RECORDS FOR PROCESSING:
........

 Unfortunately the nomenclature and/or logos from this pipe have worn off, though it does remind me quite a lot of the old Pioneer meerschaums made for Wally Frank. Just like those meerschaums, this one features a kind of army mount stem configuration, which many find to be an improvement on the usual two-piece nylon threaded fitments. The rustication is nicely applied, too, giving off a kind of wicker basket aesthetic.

........

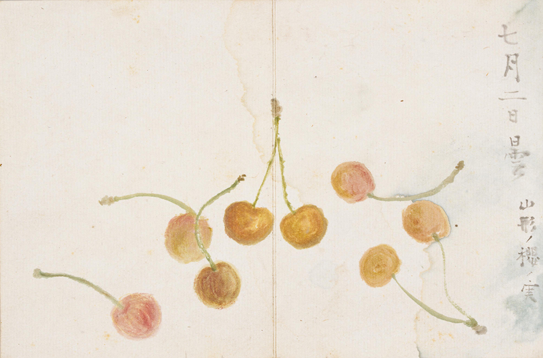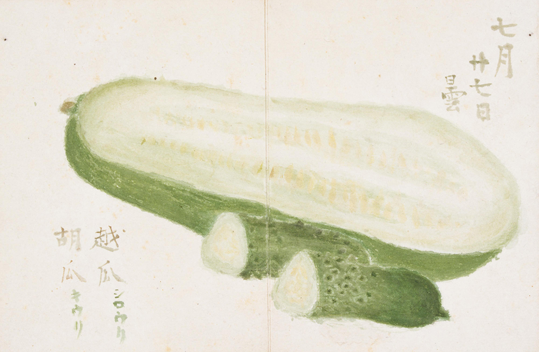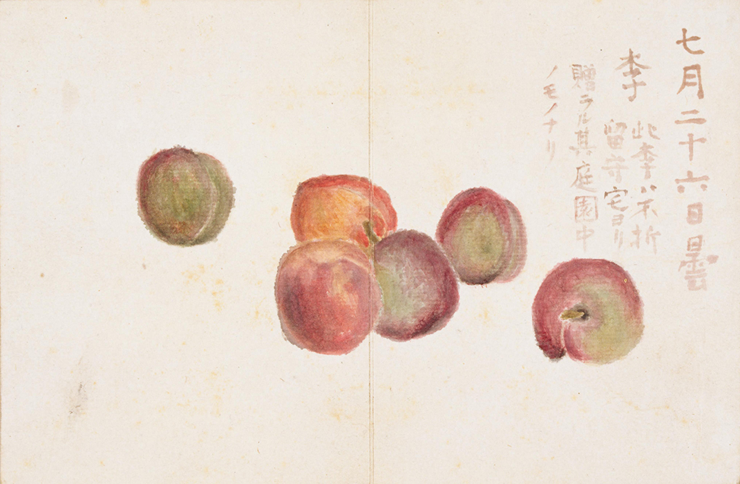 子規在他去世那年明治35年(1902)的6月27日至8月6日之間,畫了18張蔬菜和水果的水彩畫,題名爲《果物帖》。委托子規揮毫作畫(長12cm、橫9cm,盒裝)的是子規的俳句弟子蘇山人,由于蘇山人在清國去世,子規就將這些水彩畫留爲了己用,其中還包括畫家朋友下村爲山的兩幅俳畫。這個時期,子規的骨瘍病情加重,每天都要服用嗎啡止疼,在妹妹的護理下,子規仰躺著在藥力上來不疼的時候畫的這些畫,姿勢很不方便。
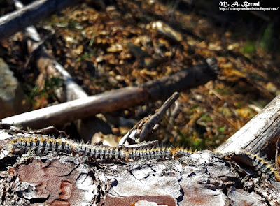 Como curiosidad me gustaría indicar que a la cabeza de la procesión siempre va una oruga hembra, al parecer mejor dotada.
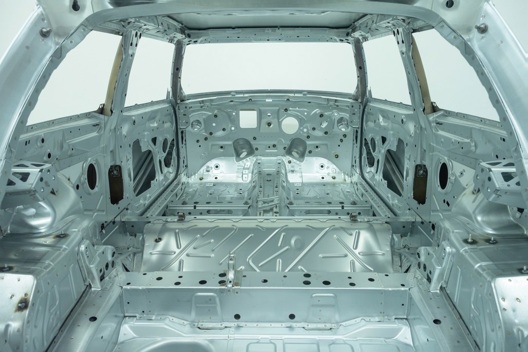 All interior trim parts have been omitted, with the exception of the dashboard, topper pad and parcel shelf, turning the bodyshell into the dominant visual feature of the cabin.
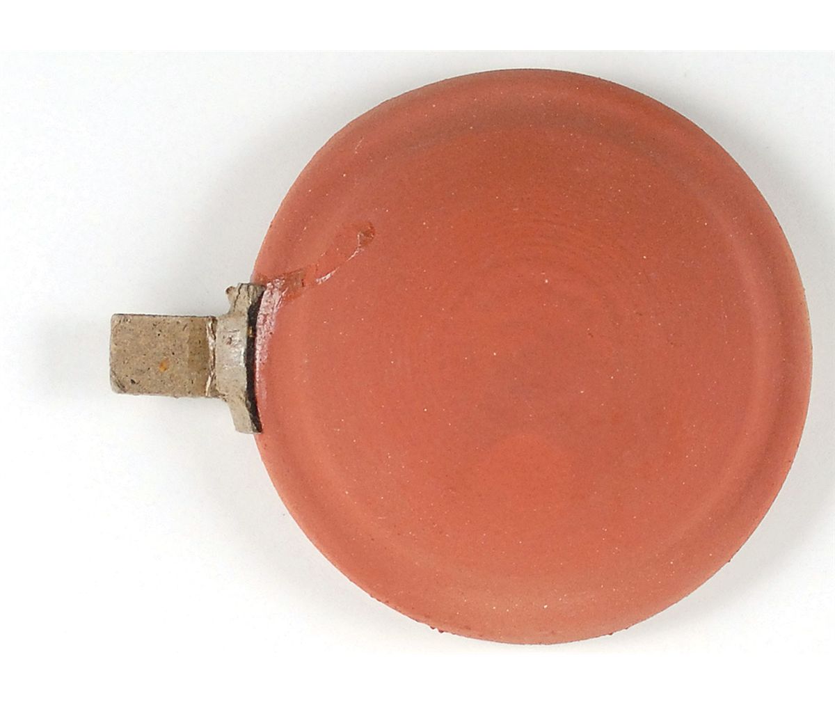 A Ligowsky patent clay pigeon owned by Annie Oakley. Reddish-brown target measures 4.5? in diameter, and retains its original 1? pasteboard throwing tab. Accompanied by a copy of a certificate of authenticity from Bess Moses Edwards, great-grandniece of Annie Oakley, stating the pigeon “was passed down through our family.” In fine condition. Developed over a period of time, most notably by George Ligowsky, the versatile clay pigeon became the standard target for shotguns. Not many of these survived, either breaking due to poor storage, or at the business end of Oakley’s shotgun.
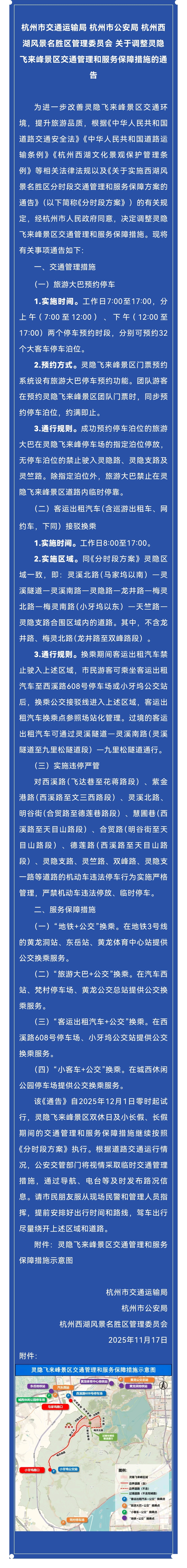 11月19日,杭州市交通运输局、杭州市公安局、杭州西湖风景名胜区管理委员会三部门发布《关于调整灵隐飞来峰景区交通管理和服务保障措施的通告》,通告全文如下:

........

WHAT TO WORK ON:
Between and including the line above that contains "子規在他去世那年明治35年(1902)的" and the line that contains "All interior trim", restate every line word for word. Pictures stay out.

RESPONSE FOR THIS EXERCISE:
 子規在他去世那年明治35年(1902)的6月27日至8月6日之間,畫了18張蔬菜和水果的水彩畫,題名爲《果物帖》。委托子規揮毫作畫(長12cm、橫9cm,盒裝)的是子規的俳句弟子蘇山人,由于蘇山人在清國去世,子規就將這些水彩畫留爲了己用,其中還包括畫家朋友下村爲山的兩幅俳畫。這個時期,子規的骨瘍病情加重,每天都要服用嗎啡止疼,在妹妹的護理下,子規仰躺著在藥力上來不疼的時候畫的這些畫,姿勢很不方便。
 Como curiosidad me gustaría indicar que a la cabeza de la procesión siempre va una oruga hembra, al parecer mejor dotada.
 All interior trim parts have been omitted, with the exception of the dashboard, topper pad and parcel shelf, turning the bodyshell into the dominant visual feature of the cabin.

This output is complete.